DATASET EXTRACT
***
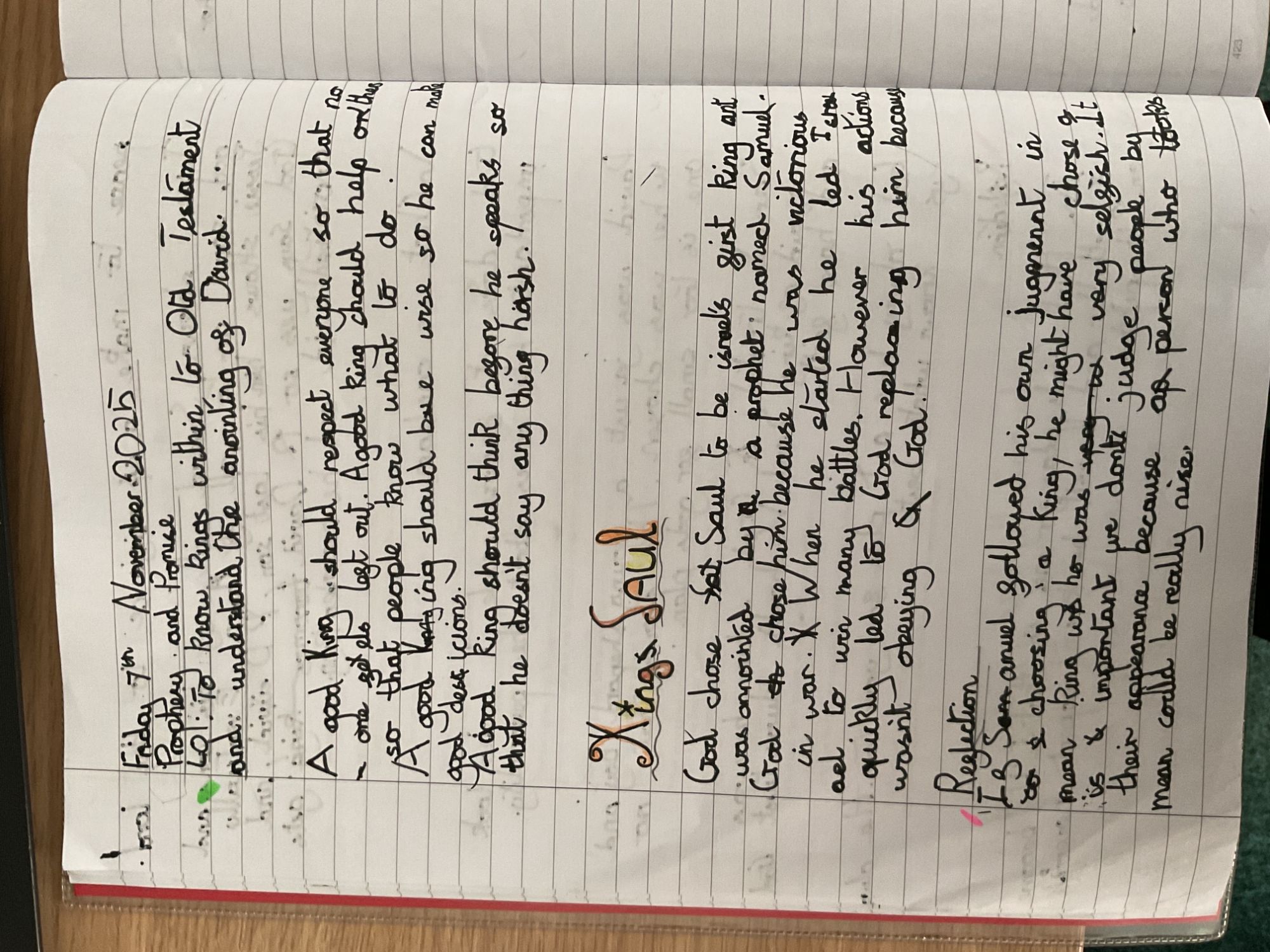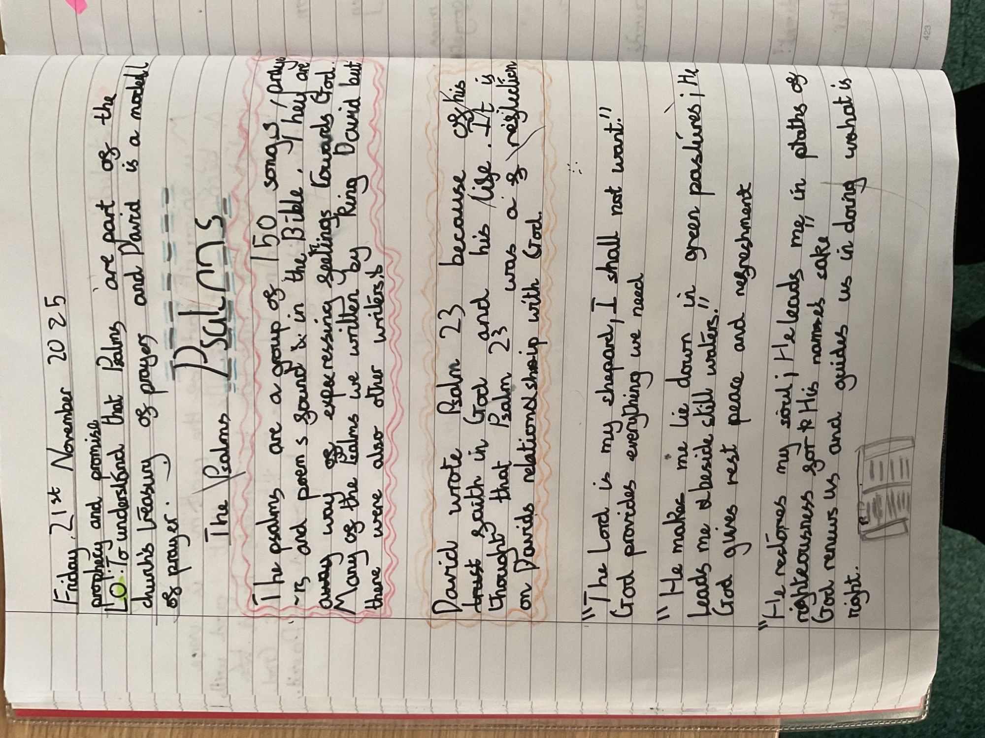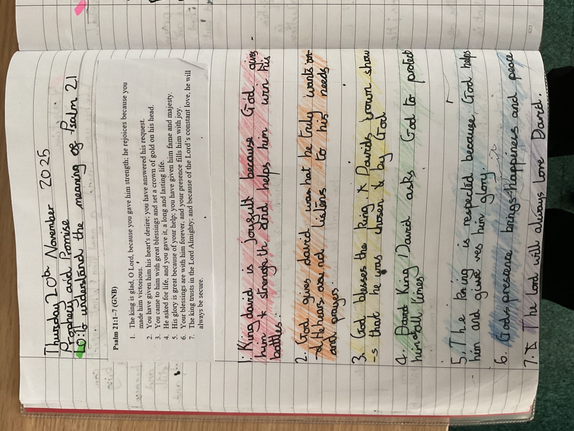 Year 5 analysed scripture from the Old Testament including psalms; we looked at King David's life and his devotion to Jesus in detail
***
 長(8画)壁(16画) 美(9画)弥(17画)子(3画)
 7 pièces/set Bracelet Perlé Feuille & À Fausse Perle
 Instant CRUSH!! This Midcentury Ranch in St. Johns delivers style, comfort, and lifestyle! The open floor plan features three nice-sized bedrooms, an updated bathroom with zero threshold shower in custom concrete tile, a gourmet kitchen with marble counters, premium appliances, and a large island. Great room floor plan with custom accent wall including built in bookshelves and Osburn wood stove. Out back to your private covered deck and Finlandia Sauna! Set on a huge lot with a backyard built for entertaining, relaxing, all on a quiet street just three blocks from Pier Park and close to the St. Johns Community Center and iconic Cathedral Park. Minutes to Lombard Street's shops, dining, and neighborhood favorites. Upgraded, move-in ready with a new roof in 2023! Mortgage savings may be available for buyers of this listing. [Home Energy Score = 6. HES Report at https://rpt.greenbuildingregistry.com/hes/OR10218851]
***
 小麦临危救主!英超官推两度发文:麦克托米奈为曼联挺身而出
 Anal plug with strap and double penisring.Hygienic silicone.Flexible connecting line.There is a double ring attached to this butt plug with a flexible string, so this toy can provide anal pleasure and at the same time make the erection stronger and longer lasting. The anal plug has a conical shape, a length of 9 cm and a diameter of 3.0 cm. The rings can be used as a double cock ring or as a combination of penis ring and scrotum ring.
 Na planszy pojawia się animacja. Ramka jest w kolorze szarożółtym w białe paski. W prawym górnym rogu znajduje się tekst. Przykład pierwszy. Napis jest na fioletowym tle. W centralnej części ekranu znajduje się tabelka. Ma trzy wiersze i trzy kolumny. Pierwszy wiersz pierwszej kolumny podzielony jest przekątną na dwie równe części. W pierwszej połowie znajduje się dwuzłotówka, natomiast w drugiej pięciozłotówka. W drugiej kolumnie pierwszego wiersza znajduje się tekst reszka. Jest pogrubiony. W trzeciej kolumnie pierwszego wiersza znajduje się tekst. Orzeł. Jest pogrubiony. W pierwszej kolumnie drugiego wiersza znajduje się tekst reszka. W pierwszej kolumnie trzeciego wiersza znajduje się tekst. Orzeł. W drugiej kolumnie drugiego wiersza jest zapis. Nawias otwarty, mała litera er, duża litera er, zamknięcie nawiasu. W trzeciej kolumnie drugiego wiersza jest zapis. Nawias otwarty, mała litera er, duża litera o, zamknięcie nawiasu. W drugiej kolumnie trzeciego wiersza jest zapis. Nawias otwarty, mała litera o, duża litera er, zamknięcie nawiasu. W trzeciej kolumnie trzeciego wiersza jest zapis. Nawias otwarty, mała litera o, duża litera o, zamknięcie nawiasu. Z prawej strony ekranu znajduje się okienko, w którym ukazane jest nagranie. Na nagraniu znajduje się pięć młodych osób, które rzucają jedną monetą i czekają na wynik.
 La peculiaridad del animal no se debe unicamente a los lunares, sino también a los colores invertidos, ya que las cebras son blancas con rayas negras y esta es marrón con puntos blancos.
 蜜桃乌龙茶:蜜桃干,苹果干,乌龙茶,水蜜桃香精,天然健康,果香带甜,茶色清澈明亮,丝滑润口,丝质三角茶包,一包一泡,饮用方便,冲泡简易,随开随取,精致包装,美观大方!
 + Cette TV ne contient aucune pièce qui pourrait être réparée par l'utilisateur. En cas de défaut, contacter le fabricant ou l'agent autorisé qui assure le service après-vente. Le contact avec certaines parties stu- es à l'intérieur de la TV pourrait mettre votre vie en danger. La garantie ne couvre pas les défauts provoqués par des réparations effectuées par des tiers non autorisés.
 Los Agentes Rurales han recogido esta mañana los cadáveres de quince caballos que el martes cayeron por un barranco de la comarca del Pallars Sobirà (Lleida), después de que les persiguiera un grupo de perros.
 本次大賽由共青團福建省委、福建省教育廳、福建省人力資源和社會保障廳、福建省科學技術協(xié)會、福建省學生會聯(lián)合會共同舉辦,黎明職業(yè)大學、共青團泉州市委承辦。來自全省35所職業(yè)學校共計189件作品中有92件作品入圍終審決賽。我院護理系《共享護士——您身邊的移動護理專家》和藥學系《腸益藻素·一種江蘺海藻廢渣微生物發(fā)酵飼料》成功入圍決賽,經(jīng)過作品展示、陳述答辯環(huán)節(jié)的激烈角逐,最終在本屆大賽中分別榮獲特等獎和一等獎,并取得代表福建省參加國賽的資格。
***
WORK INSTRUCTIONS
What you return must be the lines above that run from the line with "長(8画)壁(16画) 美(9画)弥(17画)子(3画)" to the line with "7 pièces/set Bracelet", inclusive, each copied exactly.

PROBLEM SOLUTION
 長(8画)壁(16画) 美(9画)弥(17画)子(3画)
 7 pièces/set Bracelet Perlé Feuille & À Fausse Perle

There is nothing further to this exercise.